This review originally appeared in ICv2 Guide to Anime/Manga #42, published in March 2007.

 

Black Lagoon Vol. 1

(Geneon) $29.98/$39.98 100 minutes

Creators: Rei Hiroe (manga), Sunao Katabuchi (director), Madhouse (studio)

Released: April 2007 (Japan, 2006)

Format: Anamorphic widescreen

Age Rating: 16+

ICv2 Stars: 4 out of 5 stars

 

Japanese salaryman Rokuro Okajima is kidnapped by pirates while delivering a computer disc in waters off of Thailand.  When he discovers that his company has been helping an unstable third world country develop an A-bomb, and that his company wants to kill him to hush up the affair, he joins up with the three pirates who captured him and becomes part of the crew of the pirate PT boat, Black Lagoon.  The leader of the crew is Dutch, a tough as nails Vietnam vet, who calls the shots and pilots the ship.  Revy, the only female crew member, is as deadly with her twin pearl-handled 9 mm as she is curvaceous, while Benny, the communications expert and hacker extraordinaire, is as kind and welcoming as Revy is curt and dangerous.
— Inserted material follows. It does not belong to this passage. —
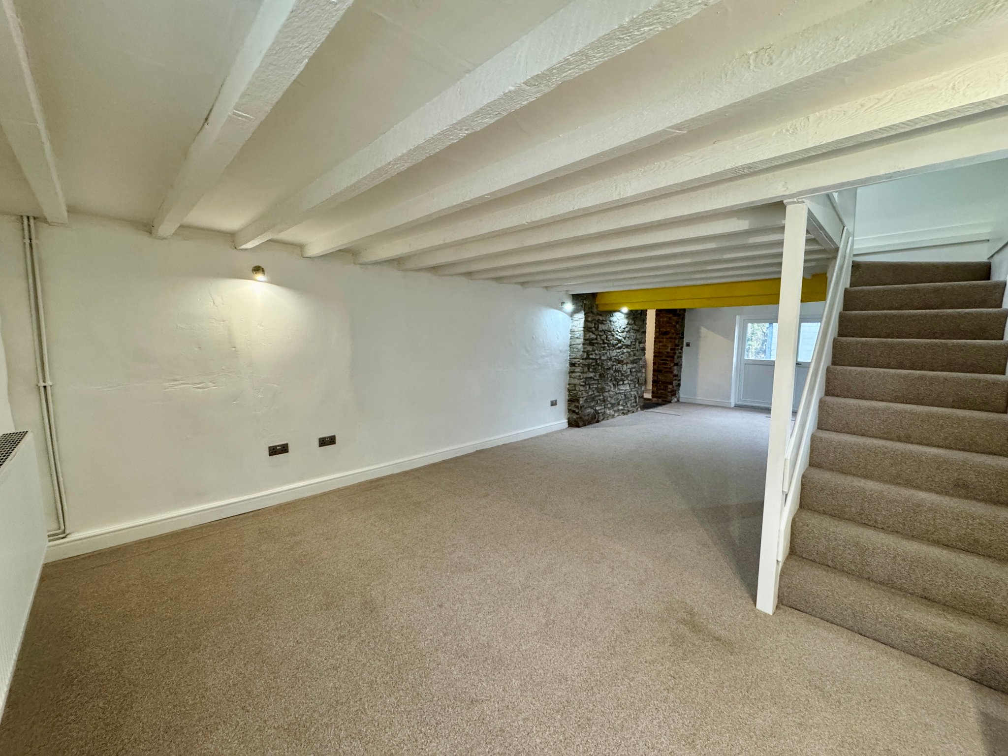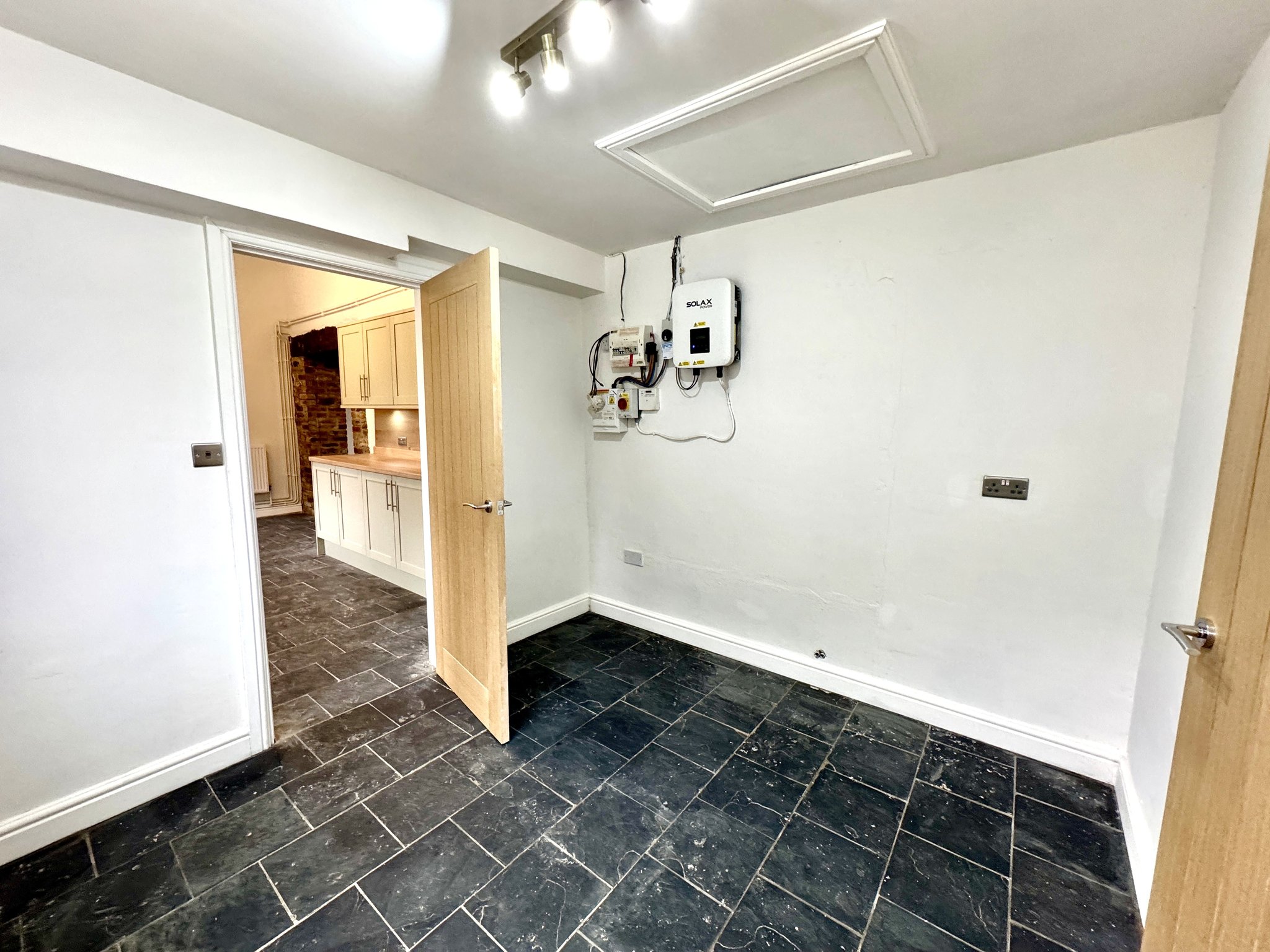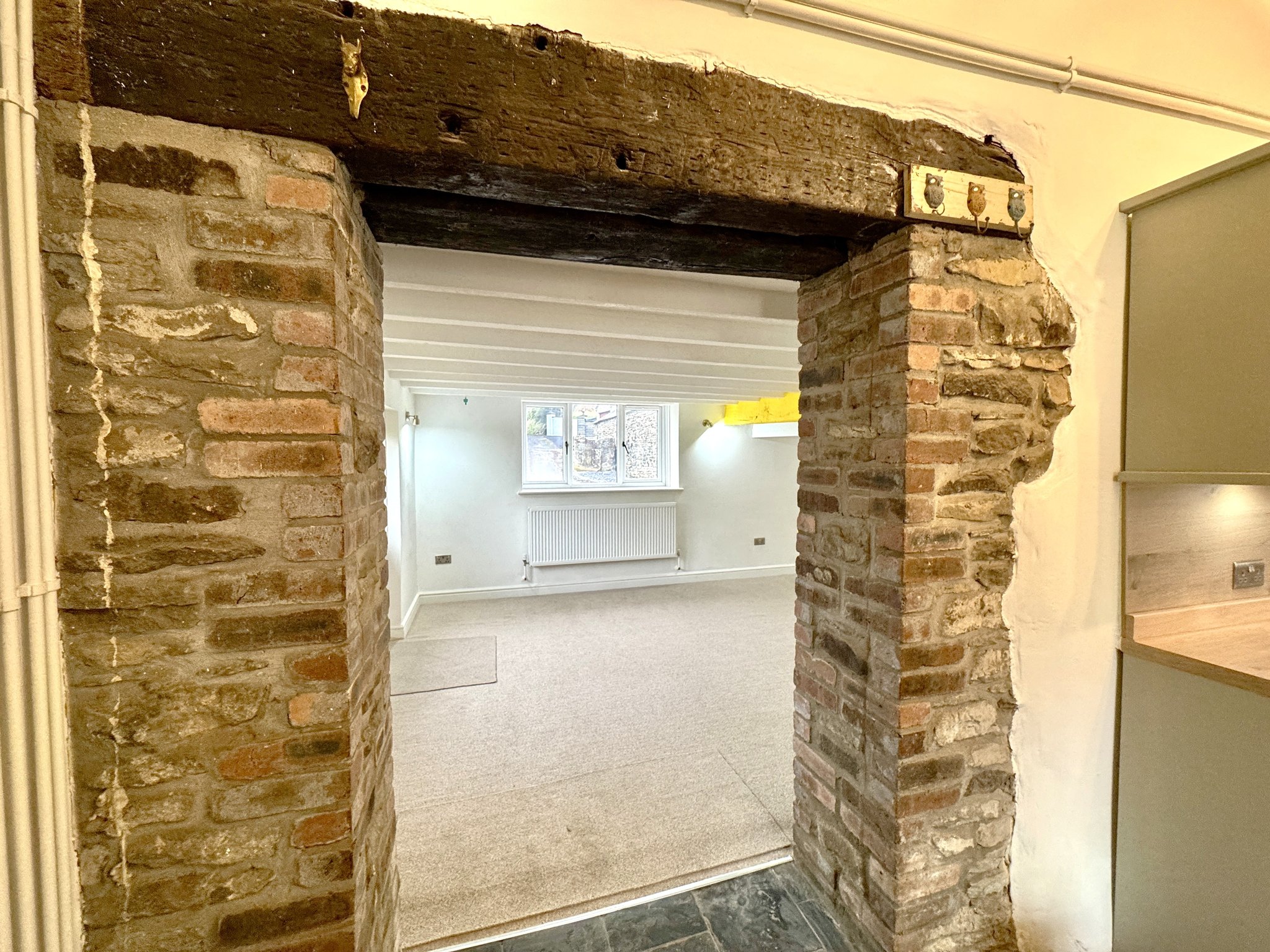 Large reception room with original beams and carpet flooring. Stable style doors to front and rear with windows to side. 2 radiators. Staircase to first floor. Archway leading into kitchen – breakfast room.

Rokuro, who quickly earns the nickname “Rock,” is often whiny and always button-downed, but he does come up with some interesting battle tactics and proves to be a skillful negotiator and valuable member of the crew.

 

Black Lagoon is basically an earthbound Cowboy Bebop, pitting a crew of roguish adventurers against the corrupt powers that be in a non-stop series of episodic adventures—and even more than in Cowboy Bebop the action never flags in Black Lagoon.  Director Sunao Katabuchi keeps the narrative moving at a breakneck pace, and even a generation used to lightning fast video games won’t be bored.

 

The stories in the first four episodes of Black Lagoon are carefully constructed and contain clever references to pertinent concepts such as the “Stockholm Syndrome.”  Not much time is wasted providing the historical and sociological backgrounds of the various crew members, but clever elliptical hints are dropped indicating that we will find out more about what makes these characters tick in subsequent episodes.  The first two episodes, which deal with Rock’s abduction and his company’s attempt to wipe out the crew by sending a team of mercenaries to hunt them down, are skillfully presented and well integrated.

 

The Black Lagoon anime is based on Rei Hiroe’s seinen  (older male teens) manga and it earns its 16+ rating with a body count rivaling Sam Peckinpah’s The Wild Bunch.  In addition to the non-stop violence there is equally non-stop cigarette smoking and lots of drinking (chugging hard liquor is where Rock’s salaryman training actually comes in handy).  The language is also quite rough with lots of F-bombs and plenty of other expletives--it’s not The Departed, but the dialogue is plenty salty.  Fan service in the first Black Lagoon disc consists of close-ups of Revy’s Daisy Duke cutoffs-covered posterior and some pin-ups that Duke has pasted to the cabin wall.

 

The first four episodes of Black Lagoon deliver the “action picture” goods, and while it’s not for every one, this anime rocks hard and should find considerable success here in North America, if the subsequent episodes maintain the high standards of animation and narration demonstrated by the first four.